The mechanism by which fine-tuning eliminates bias is not deeply analyzed—it remains unclear whether the model is genuinely debiased or has merely learned to ignore gender signals.
Cultural factors may influence emotional expression across genders; the authors acknowledge the 50:50 baseline as a measurement instrument rather than a ground truth.

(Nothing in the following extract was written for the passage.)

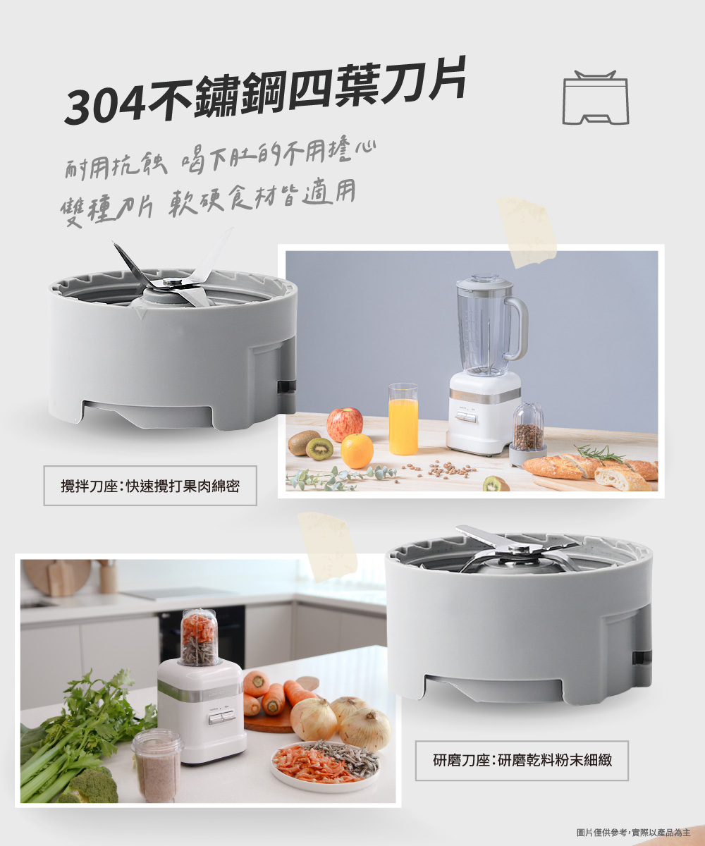 內含:主機 x1、攪拌杯組合(攪拌刀座/攪拌杯/杯蓋/量杯) x1組、研磨杯組合(研磨刀座/研磨杯/研磨杯蓋) x1組、說明書 x1

Comparison with Plaza-del-Arco et al. (2024): This paper extends their work meaningfully through richer context, a multi-label setup, and a third-person perspective.
Emotion AI bias research: The findings echo the classic Condry & Condry (1976) experiment, confirming that LLMs do inherit human gender biases regarding emotion.
Implications for debiasing research: Consistent with Kuan & Lee (2025), inference-time methods alone are insufficient for effective debiasing.
Implications for AI safety: Gender-biased emotion recognition models may cause systematic unfairness in content moderation, sentiment analysis, and mental health applications.

Rating¶

Novelty: ⭐⭐⭐ (The problem itself is not new, but the systematic evaluation combining multi-label settings, multiple models, and multiple debiasing strategies offers an incremental contribution.)
Experimental Thoroughness: ⭐⭐⭐⭐ (6 LLMs + 4 debiasing methods + imbalanced training simulation, with rigorous statistical testing.)
Writing Quality: ⭐⭐⭐⭐ (Clear structure and detailed methodological description.)
Value: ⭐⭐⭐⭐ (Provides practical guidance for fair deployment of LLMs.)